Bash script execution with and without shebang in Linux and BSD

Question

How and who determines what executes when a Bash-like script is executed as a binary without a shebang?

I guess that running a normal script with shebang is

Answer 1

Since this happens in dash and dash is simpler, I looked there first.

Seems like exec.c is the place to look, and the relevant functionis are tryexec, which is called from shellexec which is called whenever the shell things a command needs to be executed. And (a simplified version of) the tryexec function is as follows:

STATIC void
tryexec(char *cmd, char **argv, char **envp)
{
        char *const path_bshell = _PATH_BSHELL;

repeat:

        execve(cmd, argv, envp);

        if (cmd != path_bshell && errno == ENOEXEC) {
                *argv-- = cmd;
                *argv = cmd = path_bshell;
                goto repeat;
        }
}

So, it simply always replaces the command to execute with the path to itself (_PATH_BSHELL defaults to "/bin/sh") if ENOEXEC occurs. There's really no magic here.

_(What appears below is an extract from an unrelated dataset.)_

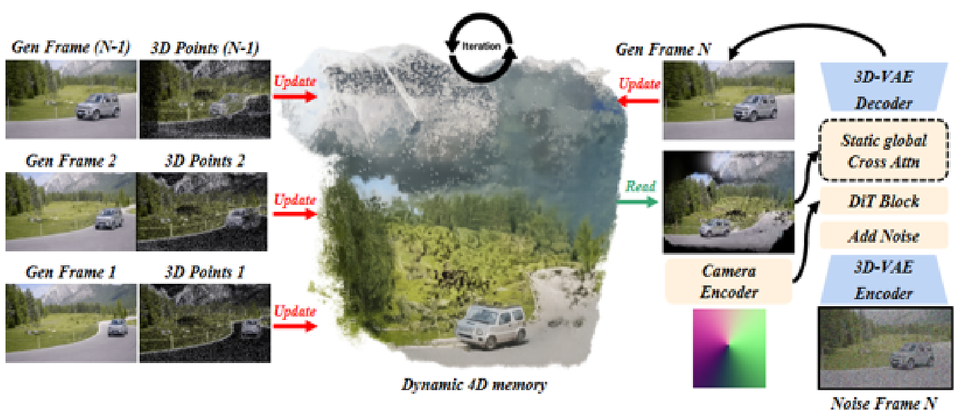 我们引入了一个动态的"生成-重建-引导"闭环框架,用于统一的4D时空建模。该框架构建了一个实时、原生的4D世界表示,随着每个新生成的视频片段持续更新,确保与不断演进的视觉内容完美同步。

I find that FreeBSD exhibits identical behavior in bash and in its own sh.

The way bash handles this is similar but much more complicated. If you want to look in to it further I recommend reading bash's execute_command.c and looking specifically at execute_shell_script and then shell_execve. The comments are quite descriptive.

Answer 2

(Looks like Sorpigal has covered it but I've already typed this up and it may be of interest.)

According to Section 3.16 of the Unix FAQ, the shell first looks at the magic number (first two bytes of the file). Some numbers indicate a binary executable; #! indicates that the rest of the line should be interpreted as a shebang. Otherwise, the shell tries to run it as a shell script.

Additionally, it seems that csh looks at the first byte, and if it's #, it'll try to run it as a csh script.